- Born: 15 April 1893 Singhampton, Ontario, Canada
- Died: 7 July 1918 (aged 25) Hamel, France
- Buried: Arras Flying Services Memorial
- Allegiance: Canada United Kingdom
- Branch: Canadian Expeditionary Force Royal Naval Air Service Royal Air Force
- Rank: Lieutenant
- Unit: No. 9 Naval Squadron/No. 209 Squadron RAF
- Conflicts: First World War
- Awards: Croix de Guerre (France)

= Merrill Taylor =

Canadian flying ace

Merrill Samuel Taylor (15 April 1893 – 7 July 1918) was a Canadian flying ace of the First World War. He was credited with seven aerial victories while flying a Sopwith Camel fighter for the Royal Naval Air Service and, later, the Royal Air Force. He touched off the air battle that resulted in the death of the war's leading ace, Manfred von Richthofen, on 21 April 1918. On 2 May 1918, he killed German ace Hans Weiss for his fifth victory. Taylor was killed in action by Franz Büchner on 7 July 1918.

==Early life==
Merrill Samuel Taylor was born in Clearview, Ontario, Canada on 15 April 1893, the son of Samuel Taylor. The younger Taylor was schooled in Singhampton and Yellow Grass, Saskatchewan before matriculating at the University of Toronto in Applied Science from 1912 to 1916.

Taylor was a bachelor, and an enthusiastic rugby football player, when he enlisted on 17 April 1916 into the university's Training Company of the Canadian Overseas Expeditionary Force. His enlistment attestation listed his next of kin as his mother, Mary Taylor, who was residing in Regina, Saskatchewan. His physical examination showed him to be 5 feet 7 3/4 inches tall, dark complected, with black hair, hazel eyes, and a scar on his left jaw.

==First World War==
On 19 January 1917, Taylor was appointed to the position of probationary flying officer.

By 23 July 1917, Taylor was commissioned as a Flight Sub-Lieutenant, indicating he had completed pilot's training. His first assignment was to the Dover Patrol, on 23 August 1917. He was then posted to No. 9 Naval Squadron of the Royal Naval Air Service as a Sopwith Camel pilot, scoring his first aerial victory on 28 September 1917. At 1620 hours that day, he was part of a squadron sweep that destroyed an Albatros D.III over Diksmuide, Belgium. He shared the victory with Stearne Tighe Edwards, Fred Everest Banbury, Oliver Redgate, and John Hales.

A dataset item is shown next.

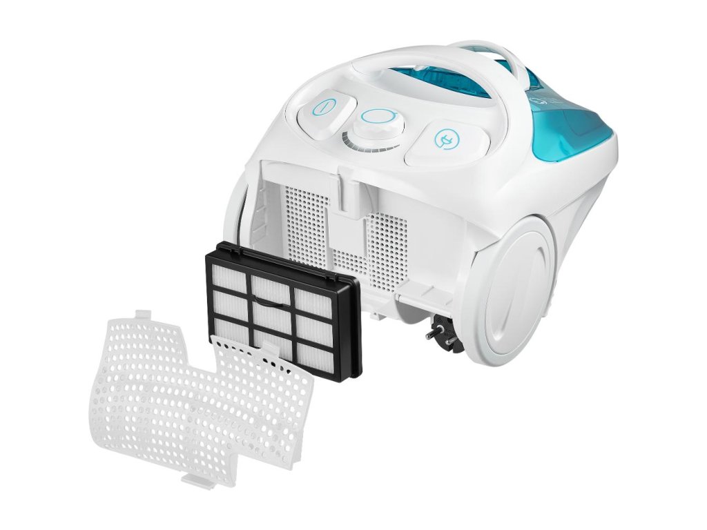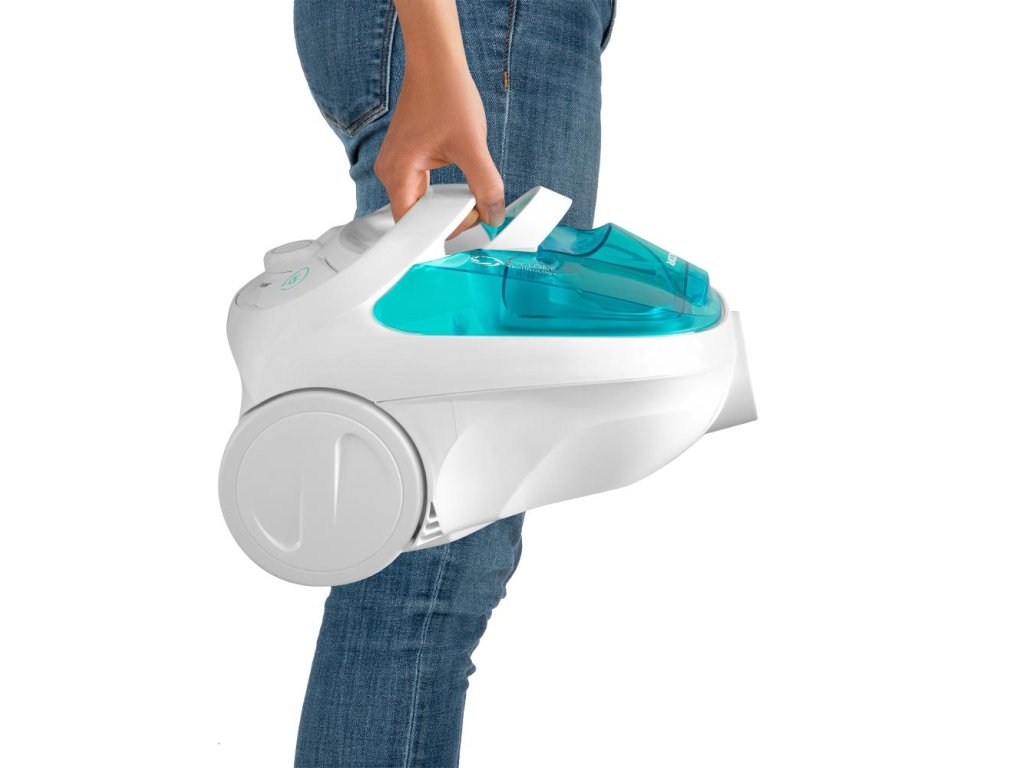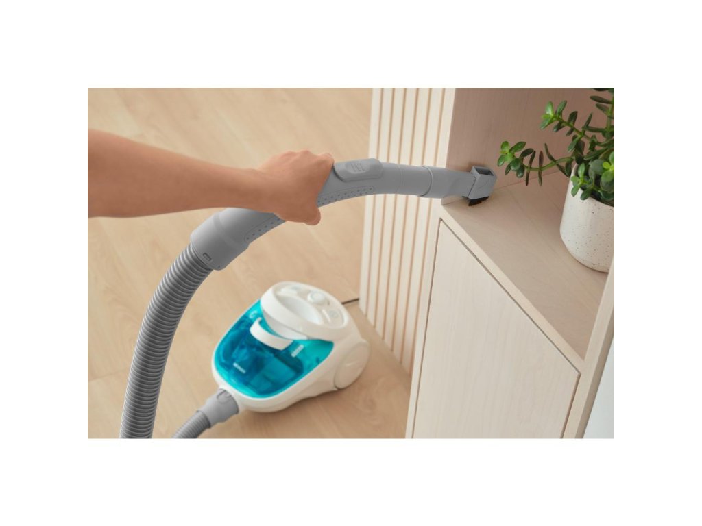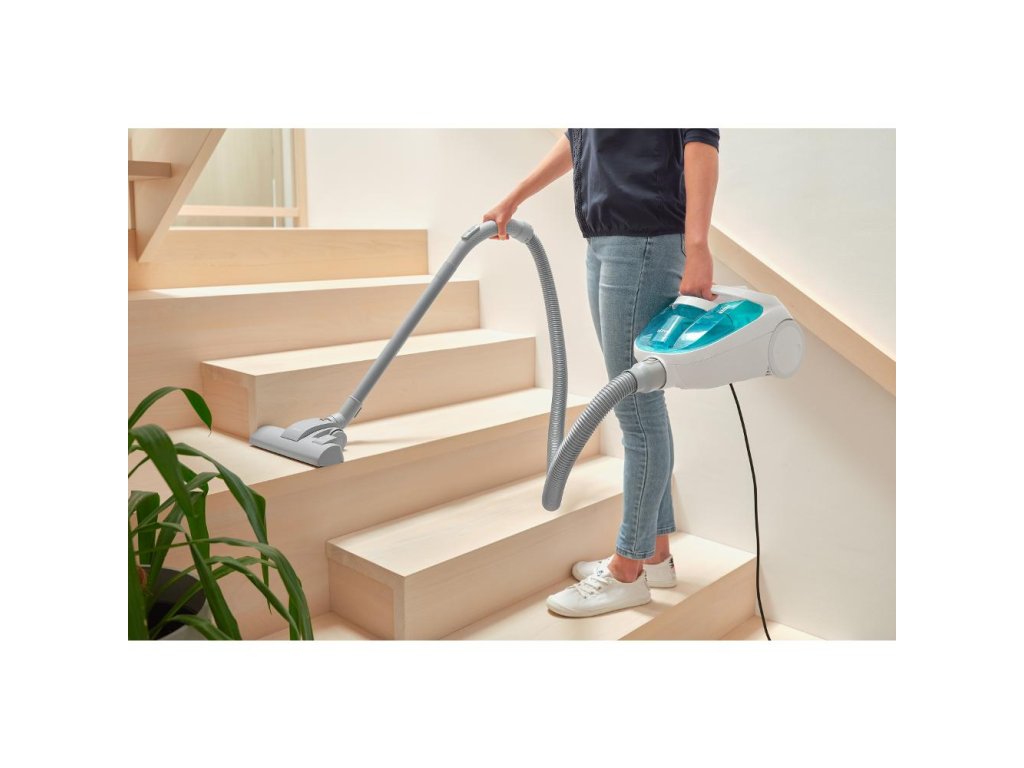 bezsáčkový vysavač • 800 W • nejvyšší třída energetické účinnosti • filtrační systém Cyclone s EPA E12 filtry • délka kabelu 5 m • objem nádoby 1,5 l • speciálně navržená gumová kolečka • tichý chod

Taylor's second victory, coming just three weeks after 9 Naval became part of the brand new Royal Air Force, was a momentous one. He teamed with Oliver Colin LeBoutillier to incinerate a German Albatros two-seater at 1025 hours on 21 April 1918. The two ex-naval pilots thus touched off the chain of events that led to the death of the war's greatest ace, Manfred von Richthofen in that day's dogfighting.

The following morning, on another squadron mission, Taylor joined Robert Foster and three other pilots in capturing a German two-seater at Albert, France. Both members of the aircrew were killed in the process. Then, at 1445 hours on 27 April 1918, Taylor drove down an Albatros D.V out of control east of Villers-Bretonneux, France.

At noon on 2 May, Taylor became an ace. German ace Hans Weiss, flying a Fokker Triplane, attacked one of Taylor's squadronmates a mile south of Cerisy, France. Taylor killed Weiss with a bullet through the head and destroyed his white Triplane.

Victory number six came for Taylor on 15 May, when he drove down an Albatros D.V between Belloy and Pozières, France. The following day, he ended his victory list by helping to capture Leutnant Hubner of Jagdstaffel 4. Wilfrid May and Stearne Tighe Edwards helped force the German triplane to ground and its pilot to a prisoner of war camp.

On 7 July 1918, over Hamel, France, Taylor was shot down and killed in action by Franz Büchner. Lieutenant Merrill Samuel Taylor's grave is unknown; he is memorialized at the Arras Flying Services Memorial, Arras, France. Taylor was awarded the Croix de Guerre by the French government for his valour.